I'm learning Python by myself, I'm starting to refactor Python code to learn new and efficient ways to code.
I tried to do a comprehension dictionary for word_dict, but I don't find a way to do it. I had two problems with it:
word_dict[word] += 1 in my comprehension dictionary using word_dict[word]:=word_dict[word]+1if word not in word_dict and it didn't work.The comprehension dictionary is:
word_dict = {word_dict[word] := 0 if word not in word_dict else word_dict[word] := word_dict[word] + 1 for word in text_split}
Here is the code, it reads a text and count the different words in it. If you know a better way to do it, just let me know.
text = "hello Hello, water!
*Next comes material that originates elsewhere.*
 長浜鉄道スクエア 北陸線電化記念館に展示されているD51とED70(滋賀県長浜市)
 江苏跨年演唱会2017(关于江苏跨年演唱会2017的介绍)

WATER:HELLO. water , HELLO"
# clean then text
text_cleaned = re.sub(r':|!|,|\.', " ", text)
# Output 'hello Hello water WATER HELLO water HELLO'
# creates list without spaces elements
text_split = [element for element in text_cleaned.split(' ') if element != '']
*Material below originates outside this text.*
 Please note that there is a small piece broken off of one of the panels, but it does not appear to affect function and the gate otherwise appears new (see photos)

# Output ['hello', 'Hello', 'water', 'WATER', 'HELLO', 'water', 'HELLO']
word_dict = {}
for word in text_split:
if word not in word_dict:
word_dict[word] = 0
word_dict[word] += 1
word_dict
# Output {'hello': 1, 'Hello': 1, 'water': 2, 'WATER': 1, 'HELLO': 2}
Right now you're using a regex to remove some undesirable characters, and then you split on whitespace to get a list of words. Why not use a regex to get the words right away? You can also take advantage of collections.Counter to create a dictionary, where the keys are words, and the associated values are counts/occurrences:
import re
from collections import Counter
text = "hello Hello, water! WATER:HELLO. water , HELLO"
pattern = r"\b\w+\b"
print(Counter(re.findall(pattern, text)))
Output:
Counter({'water': 2, 'HELLO': 2, 'hello': 1, 'Hello': 1, 'WATER': 1})
>>>
Here's what the regex pattern is composed of:
\b - represents a word boundary (will not be included in the match)\w+ - one or more characters from the set [a-zA-Z0-9_].\b - another word boundary (will also not be included in the match)